Indonesia’s Widodo says no real progress on Myanmar peace plan

Indonesia’s Widodo says no real progress on Myanmar peace plan

LABUAN BAJO, INDONESIA — Southeast Asian nations have made “no significant progress” on implementing a peace plan aimed at ending the bloodshed in Myanmar, Indonesian President Joko Widodo said Thursday, on the final day of a summit.

Escalating violence in junta-ruled Myanmar has dominated the three-day meeting of the Association of Southeast Asian Nations (ASEAN) on the Indonesian island of Flores.

The regional bloc has spearheaded diplomatic efforts to resolve the crisis, though it has yet to enact a five-point plan agreed upon with Myanmar two years ago.

Since the military ousted Aung San Suu Kyi’s government it has overseen a bloody crackdown on dissent, killing thousands of people and battling armed resistance to its rule.

As ASEAN leaders began their final day of talks in the fishing town of Labuan Bajo, Indonesian President Joko Widodo admitted they had made “no significant progress” on implementing the peace plan.

“We need the unity of ASEAN to chart our way forward,” Widodo said through a translator.

Divisions among ASEAN members at the summit appear to have hampered those efforts.

An internal report on the foreign ministers’ discussions said some countries wanted to invite the junta back to ASEAN meetings because “the time for isolation has served its purpose”.

“There was also an observation that ASEAN might be experiencing a ‘Myanmar fatigue’, which might distract ASEAN from larger goals of ASEAN Community-building,” said the document seen by AFP.

“Patience, flexibility and creativity are therefore required since there will be no quick fix to the crisis.”


Myanmar still belongs to the 10-member ASEAN bloc but has been barred from its summits due to the junta’s failure to implement the peace plan.

The junta has spurned international criticism and refused to engage with its opponents, which include ousted lawmakers, anti-coup “People’s Defence Forces” and armed ethnic minority groups.

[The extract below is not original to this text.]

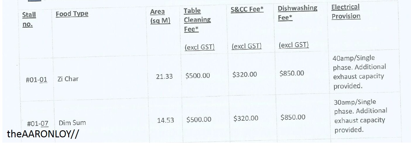 In case you missed it, the asterix means that these fees are not fixed and may be changed throughout the tenancy of the stall. Naturally, this gives NTUC, the currently appointed non-profit management, some wiggle room for when the need to raise the fees arise, at any time (please lah, are you expecting otherwise?).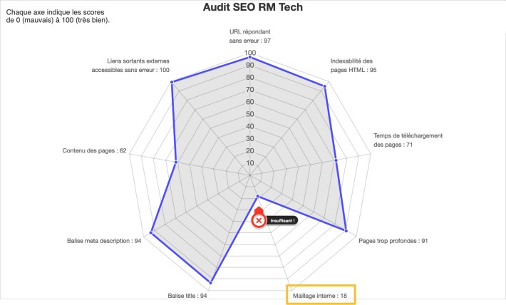 Avec ce graphique en forme de radar inclus dans le rapport d’audit RM Tech, vous voyez immédiatement si le maillage est insuffisant (comme dans cet exemple) :

An air strike on a village in a rebel stronghold last month that reportedly killed about 170 people sparked global condemnation and worsened the junta’s isolation.

Jakarta’s chairing of the bloc this year had raised hopes ASEAN could push for a peaceful solution, using its economic weight as well as its diplomatic experience.

Sunday’s armed attack on a convoy carrying diplomats and officials coordinating ASEAN humanitarian relief in Myanmar had increased pressure for tougher action.

ASEAN has long been decried by critics as a toothless talking shop, but its charter principles of consensus and non-interference have hamstrung its ability to stop the violence in Myanmar.

The latest draft of the end-of-summit statement seen by AFP has left the paragraph on Myanmar open, reflecting diplomatic difficulties over the issue.

A review of the charter was “long overdue”, said Lina Alexandra of the Centre for Strategic and International Studies in Jakarta.

“When you see your next-door neighbour’s house is burning, what will you do? Can you just stay silent, it’s not my problem?” she said.